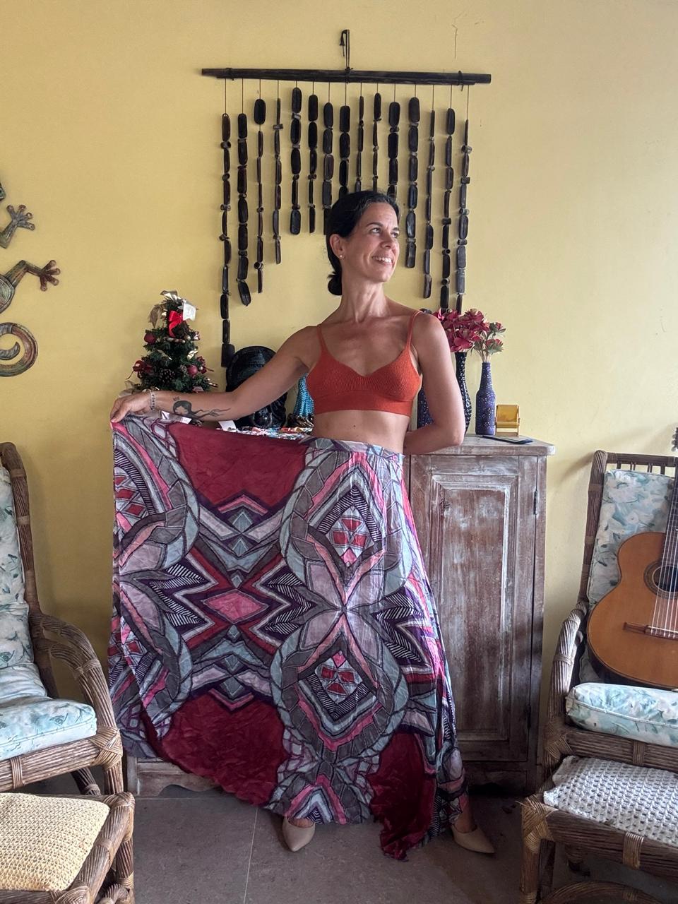 Saia Longa Estampada Étnica Multicolorida de Seda – tam 38
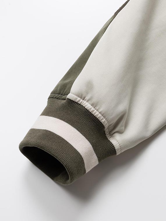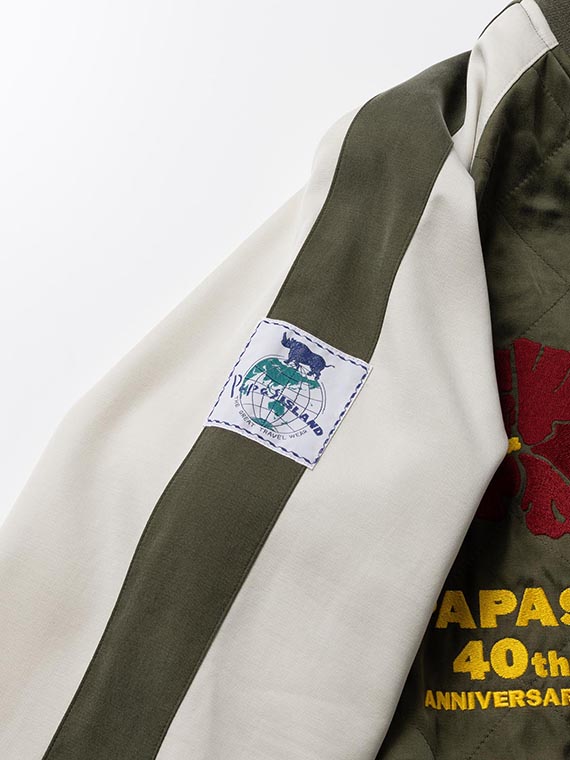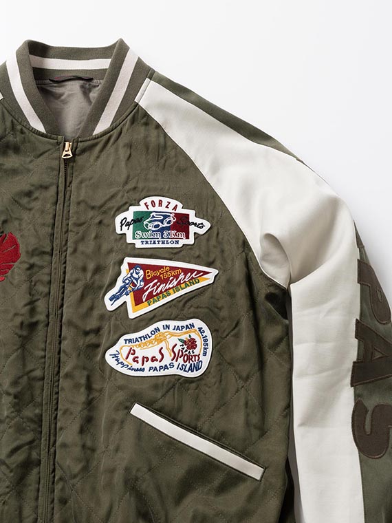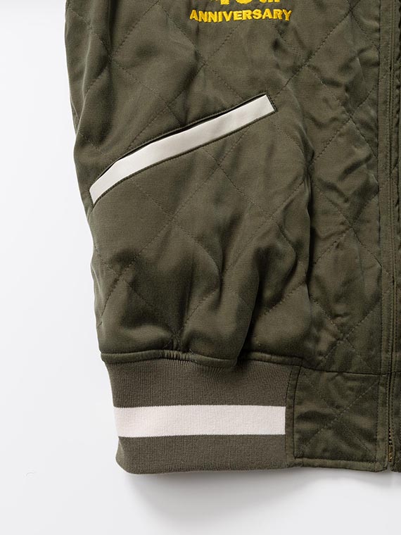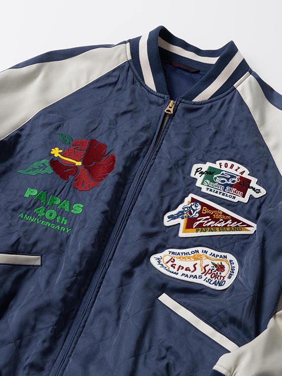 モチーフは40周年を記念し、アーカイブの中から今回の素材に映える“トライアスロン”柄をセレクト。両前身頃・後身頃・袖に至るまで贅沢にあしらい、存在感のある一着に仕上げました。ワイルドなスカジャンのデザインと、繊細で上品な素材感とのコントラストをお楽しみいただけるアイテムです。
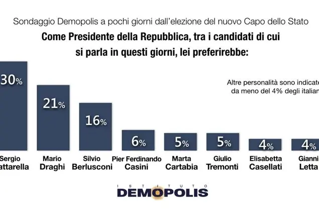 Se questi sono i desiderata, diversi invece sono i pronostici. Secondo l’indagine, commissionata all’Istituto dal programma otto e mezzo, il 34 per cento degli intervistati ha dichiarato che al Quirinale andrà Mario Draghi, il 20 immagina una riconferma di Mattarella, il 15 pensa che possa spuntarla Silvio Berlusconi. Ma quasi un quinto dei cittadini intervistati da Demopolis (il 19 per cento), è convinto che alla fine, come molte altre volte, sarà eletta una personalità di cui si parla meno alla vigilia.
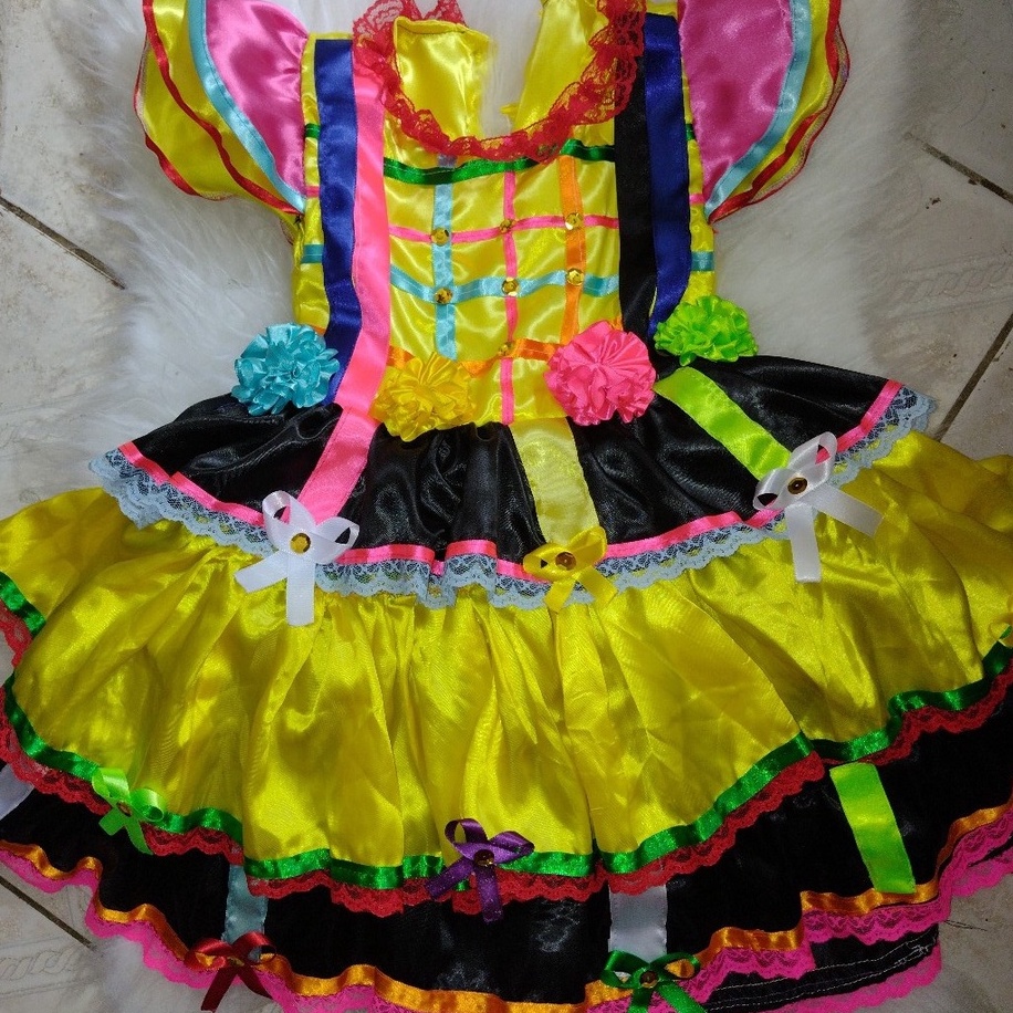 Vestido Festa Junina Infantil Caipira C Shorts Vermelho e Preto Very well made.
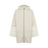 Cappotto in pura lana con inserto alle maniche in duchesse e patch ricamato da cristalli e perline. ha maniche lunghe, chiusura con zip, maxi tasche applicate, tagli rifiniti a rilievo.
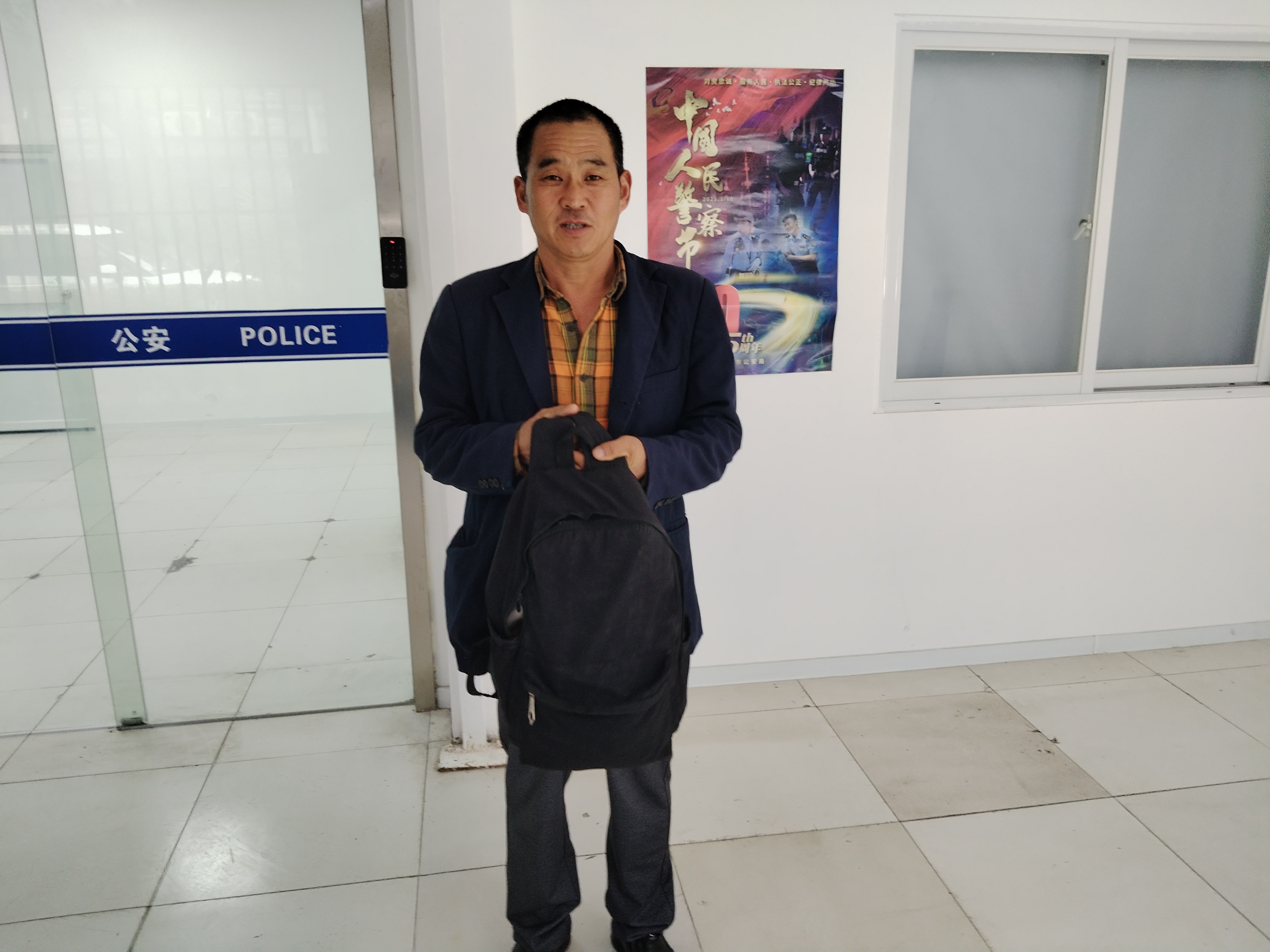 等了許久,一直無人前來尋找,樊斌就將背包上交至巡邏民警。很快,民警通過身份證信息聯(lián)系上失主,并與其約定好碰面時(shí)間地點(diǎn)。
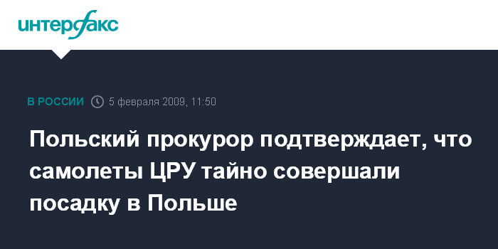 Москва. 5 февраля. ИНТЕРФАКС-ЦЕНТРАЛЬНАЯ ЕВРОПА - Самолеты ЦРУ действительно неоднократно совершали посадку в Польше для выполнения секретных заданий, заявил в четверг прокурор Роберт Маевский в интервью местному радио "Зет".

TASK GOAL:
Without any pictures, reproduce the lines from the first one in the material through the line that has "モチーフは40周年を記念し、", exactly as they appear.

OUTPUT:
 Saia Longa Estampada Étnica Multicolorida de Seda – tam 38
 モチーフは40周年を記念し、アーカイブの中から今回の素材に映える“トライアスロン”柄をセレクト。両前身頃・後身頃・袖に至るまで贅沢にあしらい、存在感のある一着に仕上げました。ワイルドなスカジャンのデザインと、繊細で上品な素材感とのコントラストをお楽しみいただけるアイテムです。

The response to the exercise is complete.